■ TO DO
Pictures aside, repeat every record below exactly.

■ RECORD SET

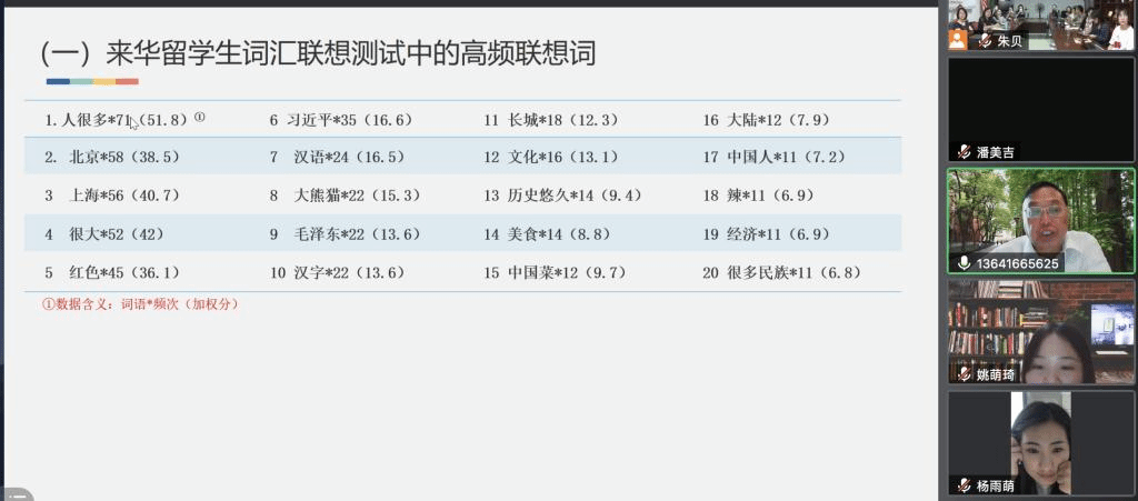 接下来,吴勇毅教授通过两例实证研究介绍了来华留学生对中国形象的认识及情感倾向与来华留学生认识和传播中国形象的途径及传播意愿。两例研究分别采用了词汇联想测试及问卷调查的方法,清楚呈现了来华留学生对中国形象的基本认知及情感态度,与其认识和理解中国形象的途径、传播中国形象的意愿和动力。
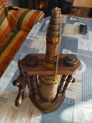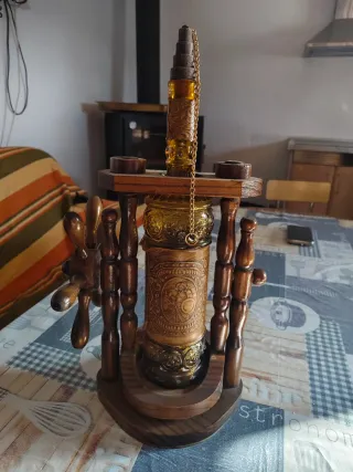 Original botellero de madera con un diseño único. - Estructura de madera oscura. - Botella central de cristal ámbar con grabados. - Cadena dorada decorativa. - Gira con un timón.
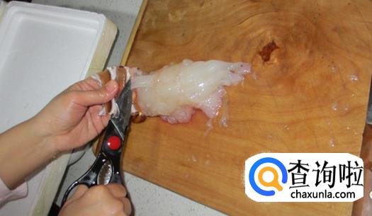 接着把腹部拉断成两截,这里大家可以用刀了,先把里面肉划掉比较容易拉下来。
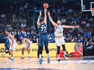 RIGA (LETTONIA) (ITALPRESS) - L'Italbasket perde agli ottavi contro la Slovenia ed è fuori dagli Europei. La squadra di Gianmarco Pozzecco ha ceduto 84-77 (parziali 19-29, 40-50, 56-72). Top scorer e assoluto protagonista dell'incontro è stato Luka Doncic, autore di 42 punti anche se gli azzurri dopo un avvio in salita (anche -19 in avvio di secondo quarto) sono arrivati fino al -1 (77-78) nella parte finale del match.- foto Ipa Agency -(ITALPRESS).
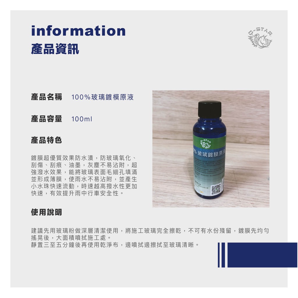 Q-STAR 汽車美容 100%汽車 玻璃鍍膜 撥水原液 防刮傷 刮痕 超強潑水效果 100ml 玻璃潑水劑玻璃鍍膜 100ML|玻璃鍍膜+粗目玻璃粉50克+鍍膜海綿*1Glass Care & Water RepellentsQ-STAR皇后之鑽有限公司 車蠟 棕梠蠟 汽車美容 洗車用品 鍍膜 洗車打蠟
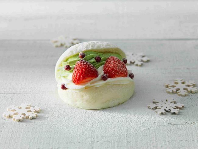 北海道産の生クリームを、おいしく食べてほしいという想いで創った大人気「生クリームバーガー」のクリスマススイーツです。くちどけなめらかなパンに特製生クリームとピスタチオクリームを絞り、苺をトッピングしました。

■ SOLUTION BELOW
 接下来,吴勇毅教授通过两例实证研究介绍了来华留学生对中国形象的认识及情感倾向与来华留学生认识和传播中国形象的途径及传播意愿。两例研究分别采用了词汇联想测试及问卷调查的方法,清楚呈现了来华留学生对中国形象的基本认知及情感态度,与其认识和理解中国形象的途径、传播中国形象的意愿和动力。
 Original botellero de madera con un diseño único. - Estructura de madera oscura. - Botella central de cristal ámbar con grabados. - Cadena dorada decorativa. - Gira con un timón.
 接着把腹部拉断成两截,这里大家可以用刀了,先把里面肉划掉比较容易拉下来。
 RIGA (LETTONIA) (ITALPRESS) - L'Italbasket perde agli ottavi contro la Slovenia ed è fuori dagli Europei. La squadra di Gianmarco Pozzecco ha ceduto 84-77 (parziali 19-29, 40-50, 56-72). Top scorer e assoluto protagonista dell'incontro è stato Luka Doncic, autore di 42 punti anche se gli azzurri dopo un avvio in salita (anche -19 in avvio di secondo quarto) sono arrivati fino al -1 (77-78) nella parte finale del match.- foto Ipa Agency -(ITALPRESS).
 Q-STAR 汽車美容 100%汽車 玻璃鍍膜 撥水原液 防刮傷 刮痕 超強潑水效果 100ml 玻璃潑水劑玻璃鍍膜 100ML|玻璃鍍膜+粗目玻璃粉50克+鍍膜海綿*1Glass Care & Water RepellentsQ-STAR皇后之鑽有限公司 車蠟 棕梠蠟 汽車美容 洗車用品 鍍膜 洗車打蠟
 北海道産の生クリームを、おいしく食べてほしいという想いで創った大人気「生クリームバーガー」のクリスマススイーツです。くちどけなめらかなパンに特製生クリームとピスタチオクリームを絞り、苺をトッピングしました。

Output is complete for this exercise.